I can not think of any engine failure scenario that separates the fan but leaves the fan blades widely undamaged.

P.S. found a report link here :
http://www.oocities.org/capecanavera...3/comgalyp.htm
(b) Investigation by the de Havilland Engine Company Limited

80. The R.A.E. investigation did not deal with the engines. The history of their recovery and investigation is as follows.

81. The centre section of the wing of Yoke Peter was recovered from the sea on the 15th March. It was severely damaged by fire and by impact with the water. It contained the four Ghost engines substantially intact with the exception that the turbine disc of No. 2 engine (port inner) was missing. The shaft on which it had been mounted had broken near the hub to which it was bolted and it had escaped through a large gash in the exhaust cone. The disc has not been recovered.

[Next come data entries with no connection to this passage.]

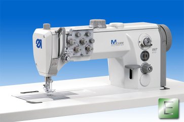 Twin-needle lockstitch flat bed machine with bottom feed, needle feed and alternating feet and a maximum stitch length of 12 mm. The 867-290040 ECO is equipped with oversized XXL vertical hooks. The bobbin thread capacity increased by 70% makes it possible to reduce the number of bobbin changes nearly by half. With the M-TYPE series a vision has become reality - a platform for medium heavy duty machines creating a new dimension of functionality and flexibility for all kinds of medium -weight applications. The lockstitch flat bed machine class 867, the first model of M-TYPE series, will set new standards. Above all, the modern design allows an enlarged clearance under the arm as well as a better view on the sewing area. The highly efficient sewing parameters combined with a great variety of equipment make the 867 an ideal operating means for universal use.
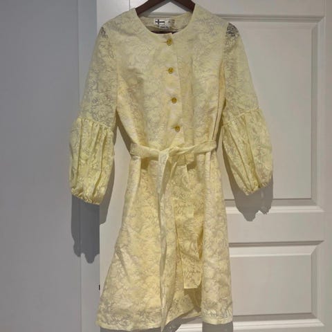 Hakusanoja: vintage, vintagemekko, kukkamekko, kaulusmekko, Finnish design, Made in Finland, 1960-luku, 1970-luku, retro
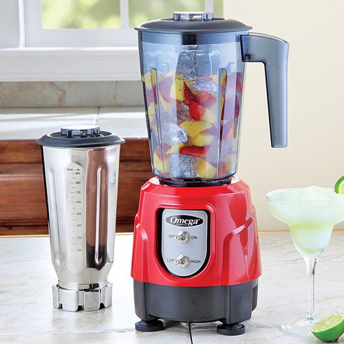 Omega BL390R 1-HP Blender, Tritan Copolyester and Stainless Steel Container Combo Pack, Red
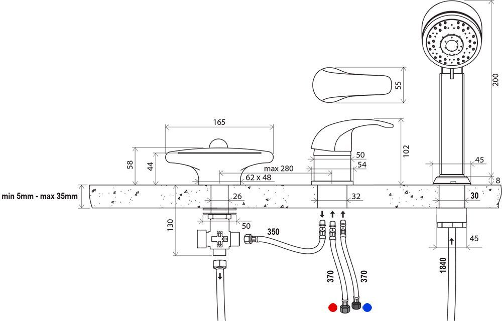 - исполнение: переключение ванна/душ; с лейкой.

82. The engines were removed and examined superficially by an engineer from de Havillands Engine Company Limited. They were then sent by air to that company's works where they arrived on the 21st March and were dismantled and examined in detail.

83. Dr. Moult, Chief Engineer of the de Havilland Engine Company Limited, said in evidence that there were no signs consistent with seizure of any engine, or of any excessive internal heat, or of any failure having occurred before the break-up of the aircraft. The extensive fire damage was all external to the engines. The four compressor impellers were intact on their shafts.

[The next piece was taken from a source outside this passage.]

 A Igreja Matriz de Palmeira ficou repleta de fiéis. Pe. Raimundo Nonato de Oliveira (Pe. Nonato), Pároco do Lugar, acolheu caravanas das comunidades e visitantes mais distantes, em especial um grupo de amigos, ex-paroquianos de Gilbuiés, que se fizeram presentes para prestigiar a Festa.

84. The turbine discs from Nos. 1, 3 and 4 engines showed no signs of failure. No blades were missing from them. In No. 2 engine, there was no evidence of penetration of the shroud ring surrounding the turbine, either by a blade or by the complete disc. There was no evidence of failure of any blade in any of the engines.

85. Examination of the hubs to which the turbine discs of Nos. 1, 3 and 4 engines were bolted showed that all were on the point of failing. Cracks were found in the same regions as those which had resulted in the fracture of No. 2 engine, which led to the loss of the disc.

86. The remarkable similarity of the damage to the turbine shafts of all four engines pointed to a common cause external to the engines, and further examination showed that the most probable cause was a sudden and very rapid rotation of the whole wing about a transverse axis, nose downwards, while the engines were still running normally. Such a rotation, being about an axis at right angles to the engine shafts, would produce gyroscopic couples tending to bend the shafts in a sideways direction, that is, in the plane of the wing. Since the clearances between the discs and the stationary parts surrounding them are small, signs of rubbing would be expected in definite regions. Examination showed such signs in each engine.

87. From this evidence the conclusion was reached that the engines had run, though only for a short time, possibly a few hundred revolutions after a sudden nose-down rotation of the wing and had not stopped suddenly. Further examination showed other evidence consistent with this, namely the absence of any deformation in the splines on the turbine shafts. This also suggested that by the time the whole of the centre section, including the engines, hit the surface of the sea, the engines were no lancer rotating.

88. The whole of the remaining extensive damage to the engines was considered to be due to impact with the surface of the sea. It was in the main confined to the upper parts of the engines, and was therefore consistent with the deductions from the examination of the centre section of the wing itself, which showed everywhere evidence of the wing having hit the sea upside down.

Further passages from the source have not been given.